【第92話】後輩たちの視線
新学期が本格的に始まり、昼休みの廊下には少しずつ慌ただしさが戻ってきた。
寒さはまだ残っているが、校舎の空気には、どこか新しい気配が漂っていた。
書道室にも、少しずつ「次代の気配」が増えてきている。
二年生の部員たち――山根、結子、伊藤、小林――それぞれが、三年生の背中を見ながら、自分たちの“次”を探っていた。

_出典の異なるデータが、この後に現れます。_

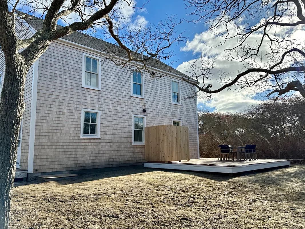 Completely renovated 4-bedroom colonial set on a beautiful wooded lot in Tom Nevers East! New Anderson 400 series windows, all-new interior and exterior doors, and a new kitchen with top-of-the-line appliances are just a few of the many features of this turn-key property. This 1.1-acre parcel abuts 28 acres of Nantucket Land Bank property. The house itself is perfectly poised to take advantage of all of the peace and privacy that the lot and area have to offer. The brand-new large mahogany outdoor deck looks out onto the tree-covered lawn and is perfect for al fresco dining. Tom Nevers East residents enjoy close proximity to South Shore beaches and have use of the community tennis courts.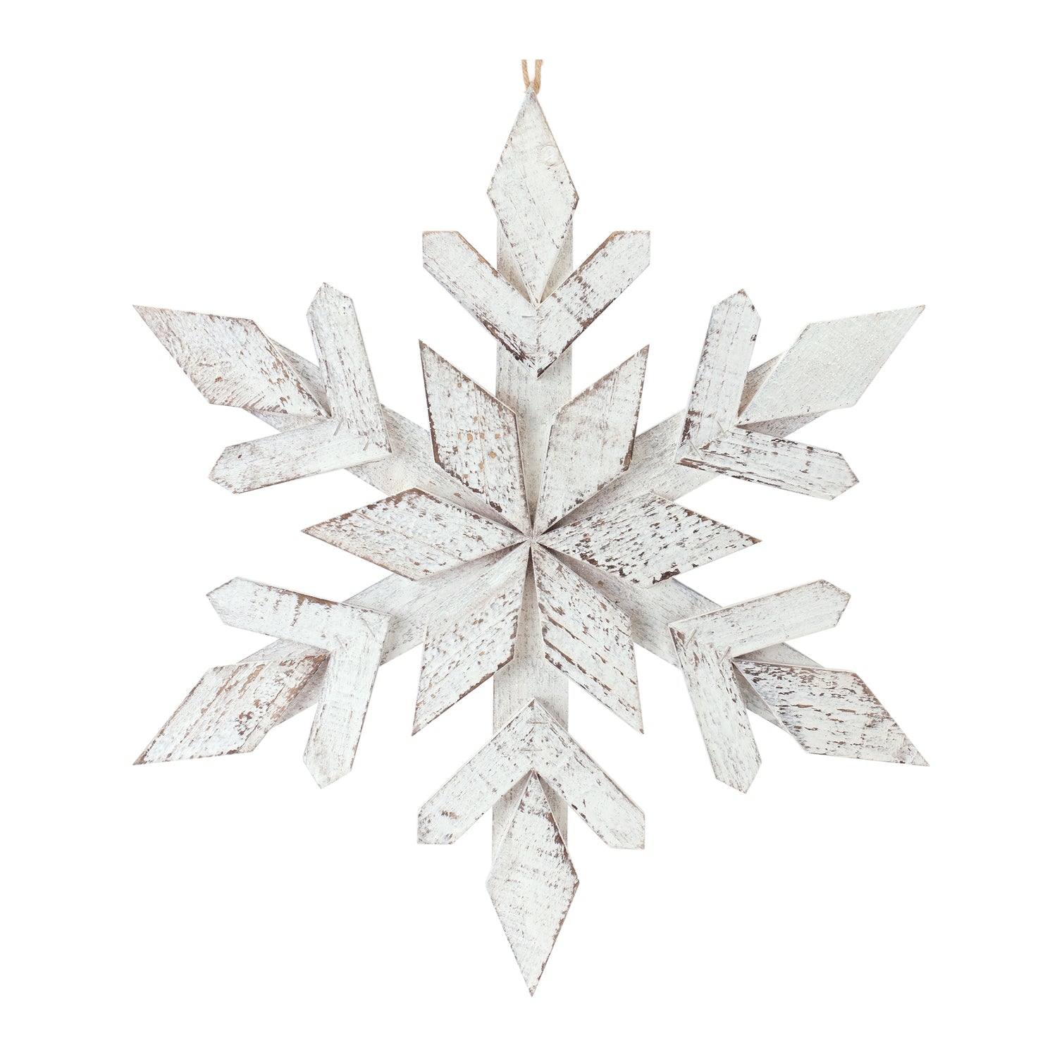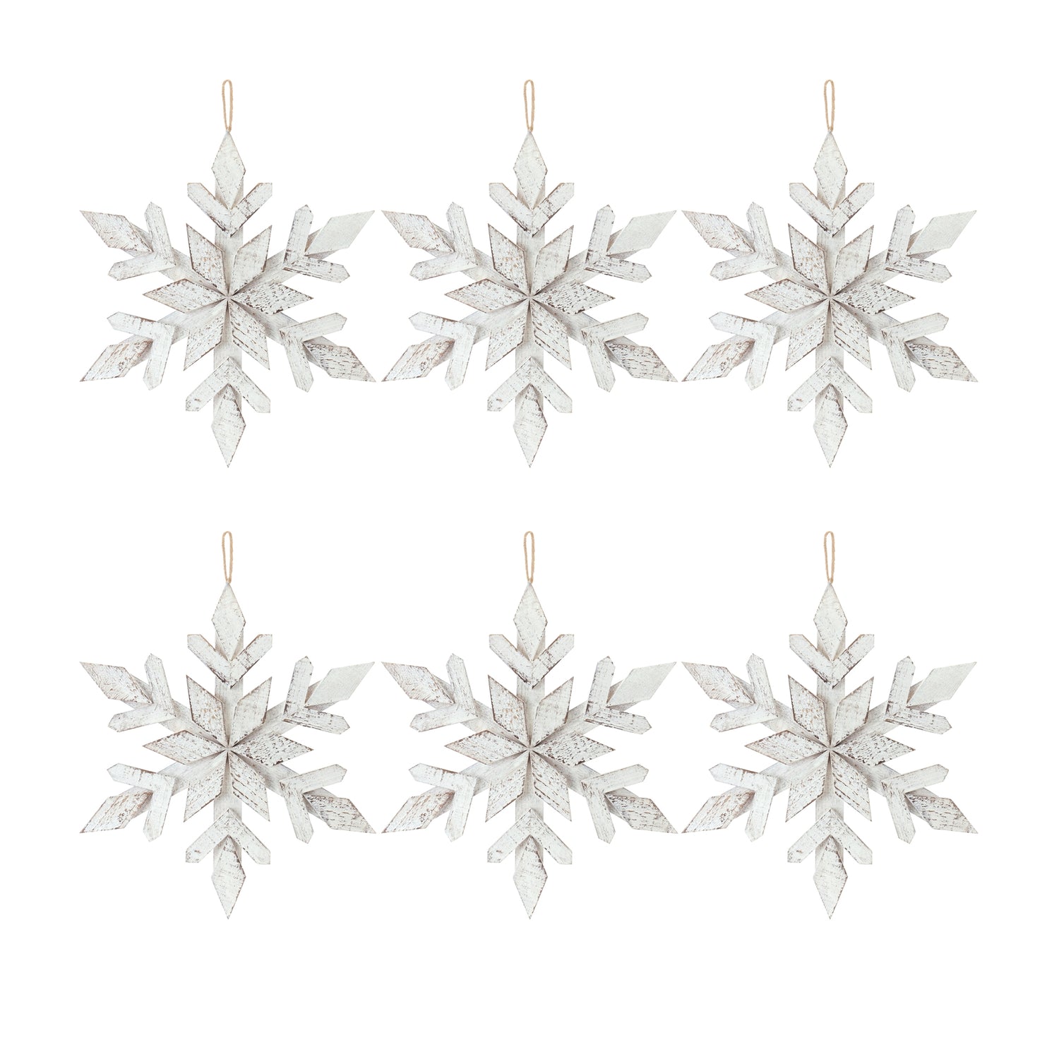 Adorn your Christmas Tree with this beautiful set of Snowflake Ornaments. The ornate snowflake design paired with the rustic white-washed finish makes this set the perfect addition to your holiday tree decor. The quality wooden composition is sure to last for seasons to come. Mearuing over 17" around, this ornament is sure to make a statement! The pieces can be used as gifts for friends to cherish, or you can display the set on your own Christmas tree and enjoy them for years to come.

その日、あすか・志津香・真理子は遅れて書道室に入ると、すでに後輩たちが各机で黙々と練習しているのを見て、少し驚いた。
「おっ、えらいやん、もう始めてたんか」
あすかが明るく声をかけると、後輩たちははっと顔を上げ、どこか緊張したように立ち上がった。
「す、すみません……先にやってました」
「ええよええよ。自由に使ってええんやし」
そう言いながら、あすかは自分の筆箱を机に置いた。
少しして、志津香がふと気づいたように言った。
「……なんか、変わった?」
「え?」
「みんなの線。去年よりずっと、力がある」
その言葉に、後輩たちは少し照れたように笑った。
「志津香先輩が“筆を止める理由を考えてみて”って言ってくれたじゃないですか。
それから、自分の線に“動き”があるかどうか、気にするようになったんです」
山根がそう言って、紙を一枚広げる。
志津香は、静かにうなずいた。
真理子も、後輩たちのノートを一冊ずつ手に取って、目を通していく。
字のかたちや線の重なりに、それぞれの“成長の跡”が刻まれていた。
そして、ふと自分の一年生のころを思い出す。
あの頃、自分はこんなふうに先輩の背中を見ていただろうか――。
「なあ、結子」
あすかが声をかける。
「うちら三人、どんなふうに見えてる?」
結子は、少し驚いたように口を開いた。
「……近寄りがたかったです。正直。最初は。
でも今は、憧れとか、尊敬とか……それだけじゃなくて、
“こんなふうに悩んで、書いてるんだな”って、思えるようになりました」
その言葉に、三人とも一瞬黙る。
志津香が、低く呟くように言った。
「背中って……見られてるんだね。思ってたより、ずっと近くで」
真理子は、うなずいた。
「私たちも、誰かの背中を見て、ここに来た。……そうだよね」
そして、あすかが笑った。
「そんなん言われたら、もう、格好つけるしかあらへんな!」
後輩たちの笑い声が、書道室に柔らかく響いた。
筆の音が戻る。
紙の上で、線と線が重なり合い、音にならない会話が始まる。
教えるでも、導くでもない。
ただ、「在る姿」を見せることが、何よりの“継承”なのだと、三人は少しずつ実感していく。
そして――
紙の端に、後輩の一人が小さく書き残していた。
「目指したいのは、背中」
その言葉は、誰にも気づかれなかった。
けれど確かに、紙に書かれ、そこにあった。